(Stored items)
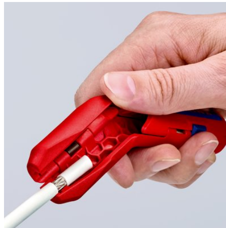
Удаление оболочки с коаксиального кабеля
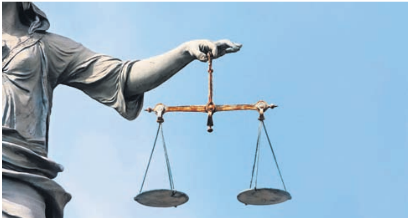
Der Staat muss abwägen. Die Menschenrechte müssen auch bei Ausschaffungen eingehalten werden.

GENERALVERDACHT. Noch ist es nicht so weit. Doch die Befürworter des Gegenvorschlags kämpfen mit dem Rücken zur Wand. Zu schaffen macht ihnen vor allem etwas: der Verdacht, sich auf die Seite der kriminellen Ausländer zu schlagen. Wer diesen Vorwurf nicht aus der Welt schaffen kann, der hat in Zeiten aufgeheizter Ausländerdebatten einen schweren Stand. Wie absurd der Vorwurf ist, beim Gegenvorschlag würden die kriminellen Ausländer mit Samthandschuhen angefasst, zeigt ein Blick auf den Abstimmungstext. Der Gegenvorschlag enthält einen abschliessenden Katalog
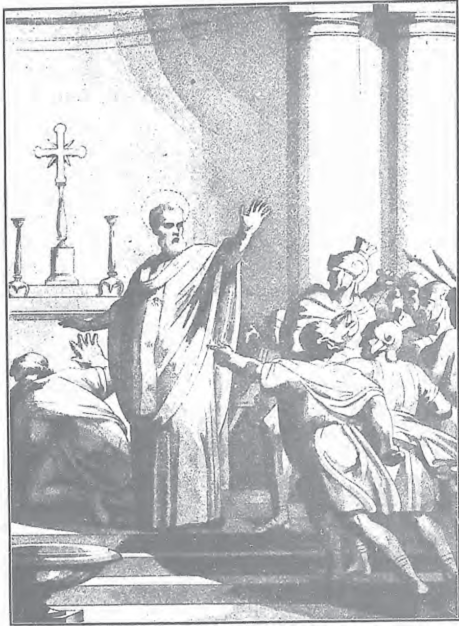
聖基所主教在堂裏不使兵卒逮捕官吏
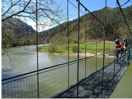
nte colgante sobre el río Sella

Tras la comida, y la visita obligada a la Cuevona donde disfrutaremos de sus 300m serpenteantes y apreciaremos sus magníficas formaciones calcáreas como estalactitas, estalagmitas o coladas de gran belleza, nos reagruparemos en Cuevas, a la hora previamente indicada, donde proseguiremos la marcha. A partir de aquí hasta Arriendas ya todo el perfil es fácilmente pedaleable.
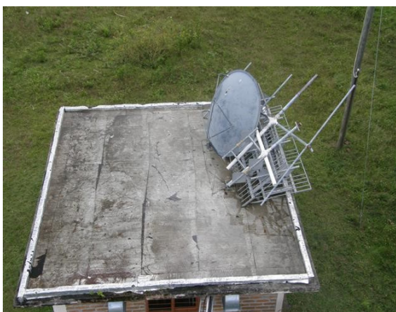
impermeabilizacion de la caseta
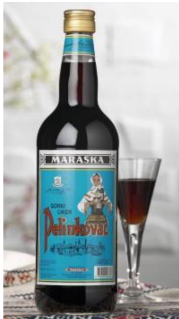
Slika 14. Pelinkovac
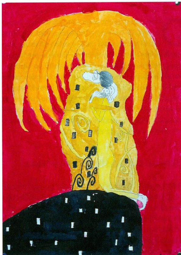
Slika 2: Objem pod drevesom

umetniško delo abstraktno. Abstraktno gledanje umetnine pomeni, da zaznavamo samo oblike, barve, smeri, ritem slike in zanemarimo „zgodbo“, vendar začutimo slikarsko izpoved. Zgodba pa je v likovnem delu tisto, kar je realistično, prepoznavno, se pravi motiv. Če pogledamo motiviko klasičnega slikarstva, v njem ni bilo velike raznovrstnosti. Kot motiv se pojavljajo krajina, tihožitje, avtoportret in skupinski portret, pa morda še žanrski prizori. Slikarji so z enakimi motivi dosegali različne izpovedi, sporočali različna sporočila. Enako delamo pri likovni umetnosti v šoli. Pri tem pa moramo vedeti, da so otroci nasploh, tudi starejši, zelo „navezani“ na motiv, kadar gledajo slike in kadar jih ustvarjajo. Sliko zaznavati abstraktno, brez navezave na motiv, je zanje težka naloga. Zato je pomembno, da izberemo ustrezen motiv za njihove likovne naloge. Motiv mora biti prilagojen likovnemu problemu, ki ga rešujejo, likovnim pojmom, ki jih morajo usvojiti s slikanjem, pa tudi njihovi starosti in interesom. Moja teza, ki je rasla z mojimi izkušnjami pri likovnem delu z otroki vseh starosti v osnovni šoli in ki
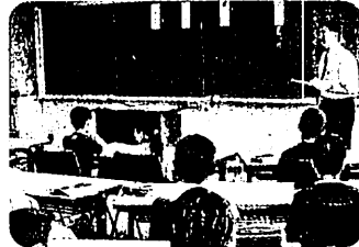
スタディイン総合教育センター (平成16年度 国語科)
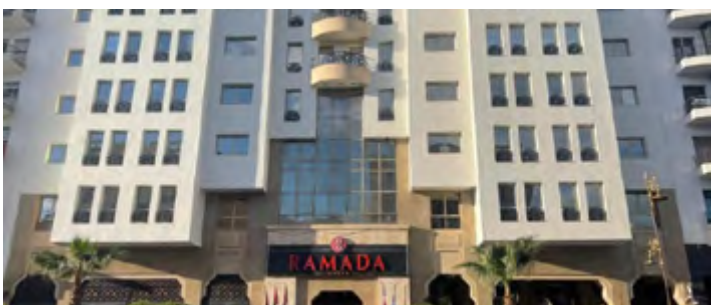
RAMADA BY WYNDHAM 5* 2 NYXΤΕΣ ΜΕ ΗΜΙΔΙΑΤΡΟΦΗ (link)
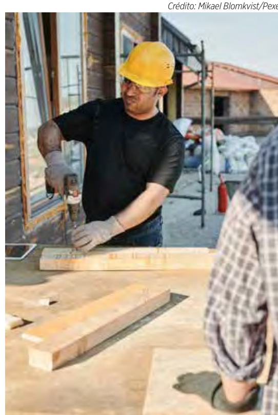
É importante garantir que as empresas contratadas sigam normas técnicas e de segurança
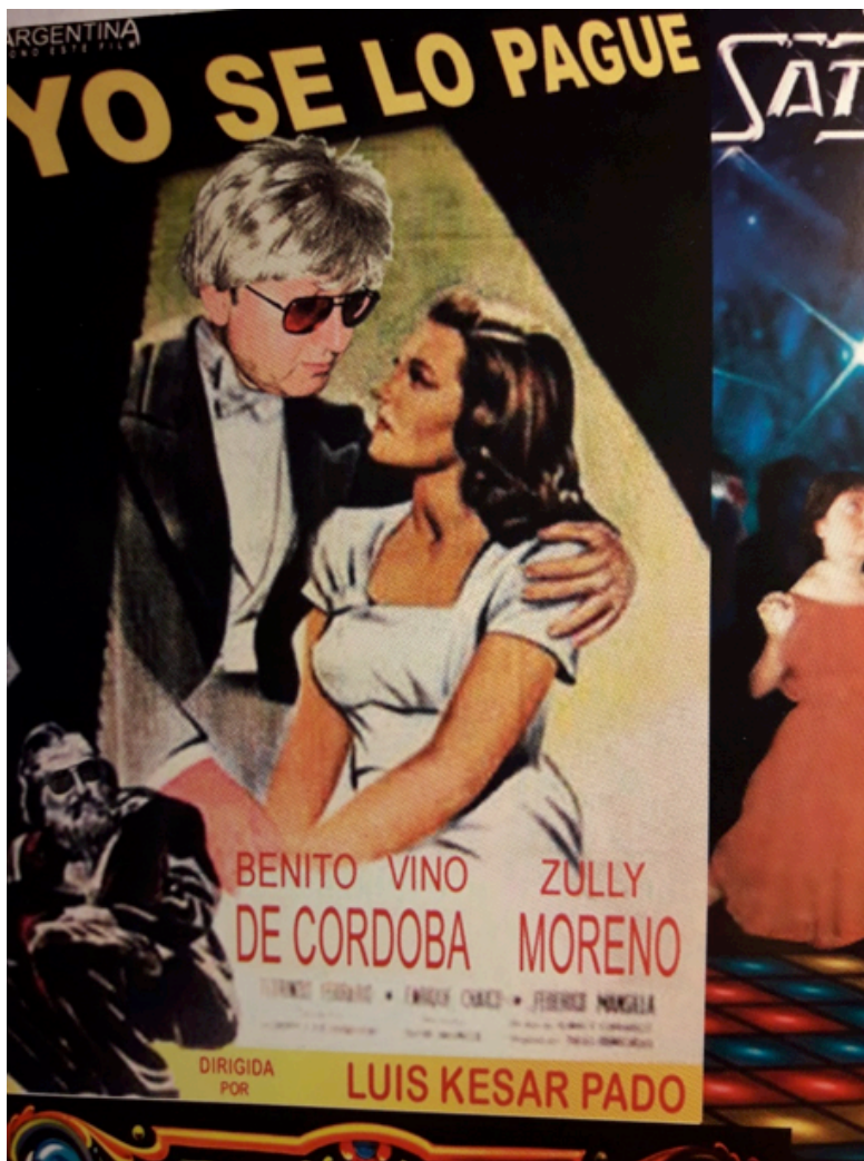
“Yo se lo pague”

Por otro lado, la función didascálica se verifica también a través de la intertextualidad visual de intencionalidad paródica, con respecto a la obra de artistas célebres como Van Gogh, Munch, Warhol, Lichtenstein, Picasso o nuestros más cercanos Cándido López, Xul Solar, Antonio Berni, León Ferrari, Guillermo Kuitca, entre muchos otros, algunos de cuyos personajes encarna con su propio rostro (tal es el caso de la madre costurera de “Primeros pasos” de Berni), así como también intertextualidad con otras disciplinas artísticas como la música popular, el cine o la televisión.
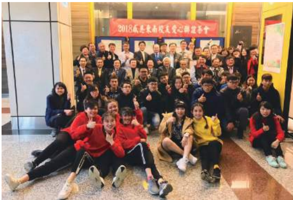
林執行董事、李校長與校友、師長、學生們大合照

致贈感謝狀後，由林常務董事守義及李校長帶領師長及學生們與校友們大合照留影。會後邀請校友及受贈學生們一起用餐，並於用餐時受贈學生將自己寫好的感謝卡片交給學長姐並與學長姐進行相互交流，透過相見歡活動讓校友們與學生互動，增加彼此的連結，也提供學生機會表達對學長姐們的感謝，也為活動劃下了完美的句點。

◆ Exercise requirements ◆
Whenever a line includes the word "como", pull it out of the entries.

◆ The answer ◆
Tras la comida, y la visita obligada a la Cuevona donde disfrutaremos de sus 300m serpenteantes y apreciaremos sus magníficas formaciones calcáreas como estalactitas, estalagmitas o coladas de gran belleza, nos reagruparemos en Cuevas, a la hora previamente indicada, donde proseguiremos la marcha. A partir de aquí hasta Arriendas ya todo el perfil es fácilmente pedaleable.
Por otro lado, la función didascálica se verifica también a través de la intertextualidad visual de intencionalidad paródica, con respecto a la obra de artistas célebres como Van Gogh, Munch, Warhol, Lichtenstein, Picasso o nuestros más cercanos Cándido López, Xul Solar, Antonio Berni, León Ferrari, Guillermo Kuitca, entre muchos otros, algunos de cuyos personajes encarna con su propio rostro (tal es el caso de la madre costurera de “Primeros pasos” de Berni), así como también intertextualidad con otras disciplinas artísticas como la música popular, el cine o la televisión.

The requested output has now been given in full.